Abstract: Etruscan Human Sacrifice in Myth and Ritual
Scholars have been reluctant to believe that the Etruscans practiced human sacrifice. There are many specific references in written sources and in representations of human sacrifice that have at one time or another been dismissed as not sufficient for determining if the Etruscans did in fact engage in this practice. Recent excavations in the monumental sacred area on the Pian di Civita at Tarquinia by the University of Milan (directed by M. Bonghi Jovino and G. Bagnasco Gianni) have proven once and for all that human sacrifice was indeed practiced by the Etruscans, through the discovery of a number of burials in this non-funerary context, of infants, children and adults. Some individuals were demonstrably “marginal” in society, as diseased, foreign or of lower social status. One child, an 8-year old, was decapitated and his feet placed at the base of and underneath a wall, evidently as a foundation deposit. A stone altar, a sacred building, and a ritual deposit of symbols of secular power (an axe, a shield and a lituus trumpet) were all part of the archaeological context in which the killings took place.

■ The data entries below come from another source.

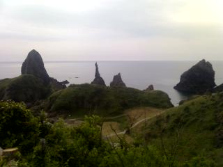 松江市本庄から島根県美保関町七類(しちるい)港へ。七類港からフェリーで隠岐諸島の西ノ島町別府港へ。島に着くといままで雲っていた空から太陽がさしてくる。まず牛馬が放牧されているいる島の東南部を目指す。激坂を上って摩天崖展望所へ行こうとすると、途中で牛が道路をふさいでいる。自転車を降りて恐る恐るその横をそおっと通って展望所へ。この辺りは牛馬の放牧で草地景観が保たれている。またここからの景観は素晴らしい。残念ながら逆光で、携帯の写真では素晴らしい景観が表現できない。続いて国賀海岸へ。ここも海触断崖が続く素晴らしい景観だ。すっかり隠岐(お気)にいりのところとなって、ここに泊まることにする。走行距離28.91km。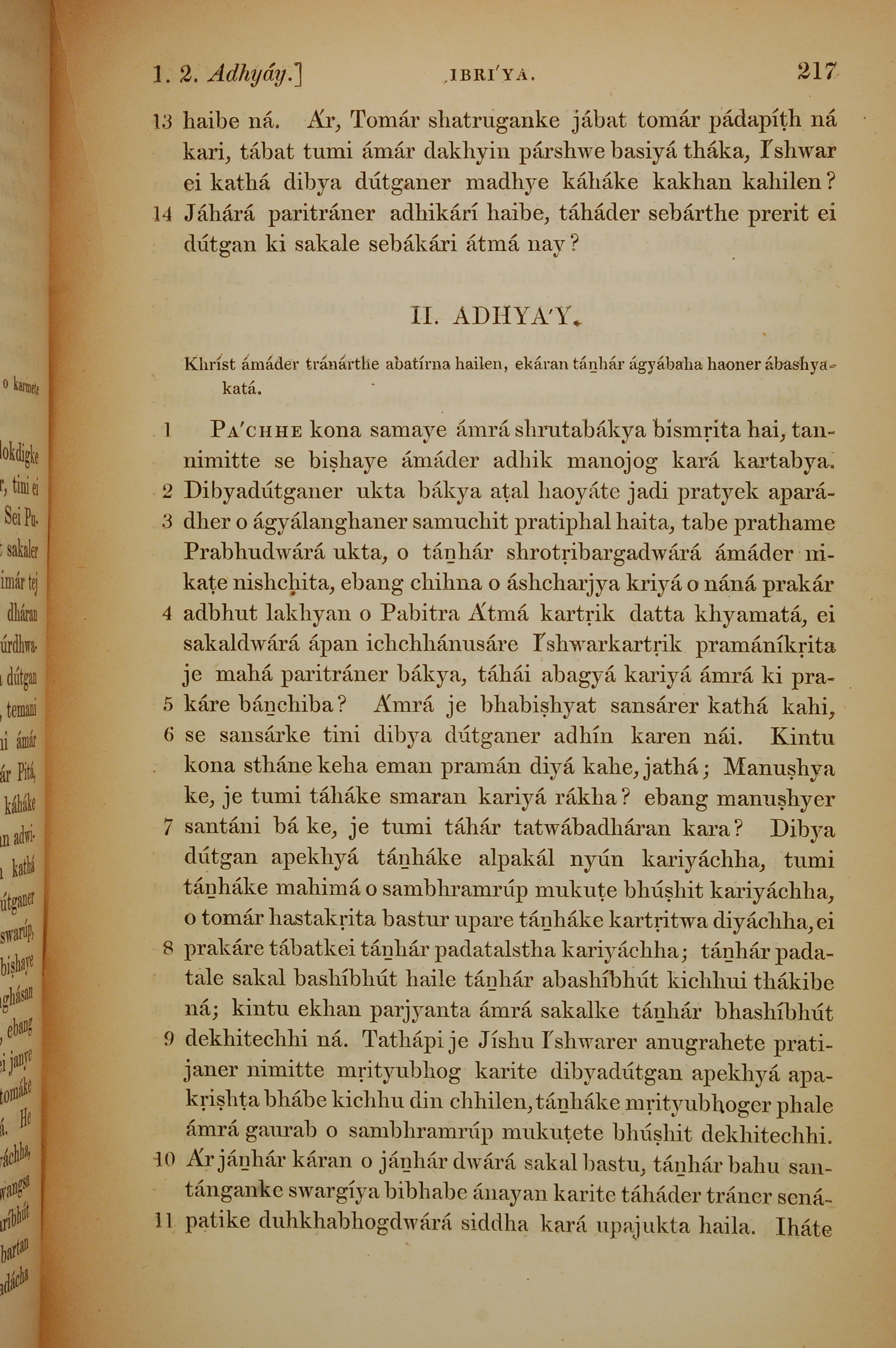 1839年孟加拉语新约全书 希伯来书 1 章 13 节到 2 章 11 节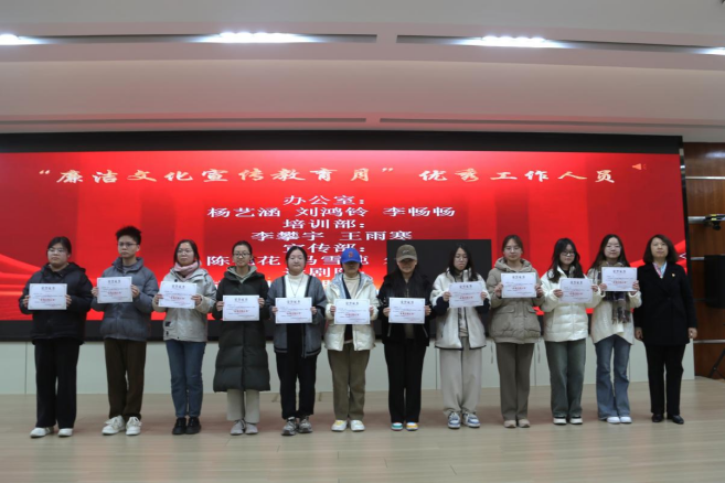 随后,进行了廉洁文化宣传教育月的总结表彰。今年廉洁文化宣传教育月自启动以来,得到了校纪委、党委宣传部的大力支持。活动期间,以“廉韵扬正气,洁行树新风”为主题,举办了第十届海峡两岸法律文化周——《话说张汤》话剧展演活动、“正气话廉洁,清风拂面来”校园广播栏目与轻听推送特辑、“洁行传美德,廉语暖民心”社区廉洁文化宣讲与志愿服务活动、“清韵传承、德馨盈校”家乡廉洁故事分享短视频大赛、“廉韵筑梦、清风扬帆”廉洁文化征文大赛、廉亭大讲堂等活动,数余名师生参与到活动中来,营造了学廉、崇廉、尚廉的良好氛围,有效传递了反腐倡廉的正能量。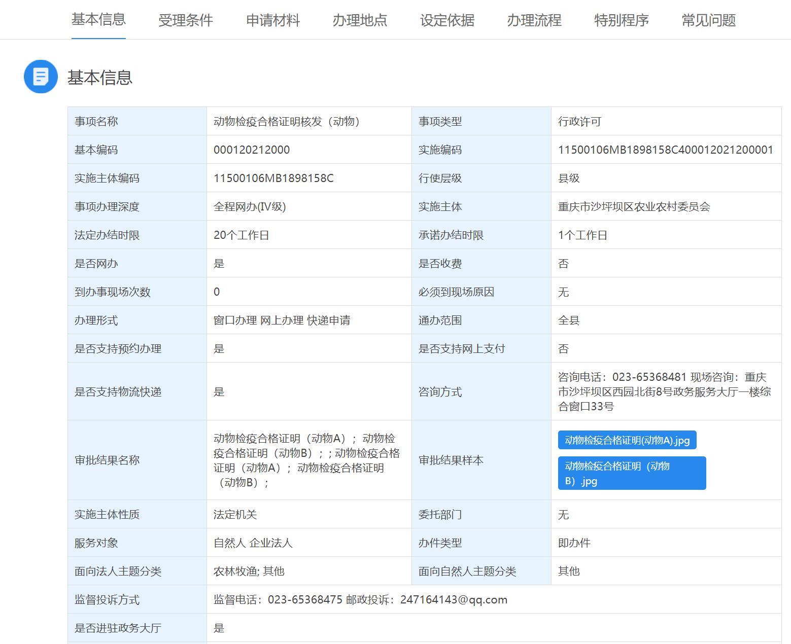 比如猫君前往重庆政府网网上办事大厅搜索《动物检疫合格证明》能获取到很多信息,这里得夸一下政务系统。

There are many representations in Etruscan mythic art that clearly depict human sacrifice. While the myths may show a kind of surrogate for actual killing, they nevertheless may reflect actual rituals and beliefs associated with such killing. This presentation assembles literary, archaeological and iconographical evidence to be studied anew with an open mind in order to determine what is most likely to have represented real sacrificial practice as opposed to fictional, exaggerated, symbolic, or mythological matter.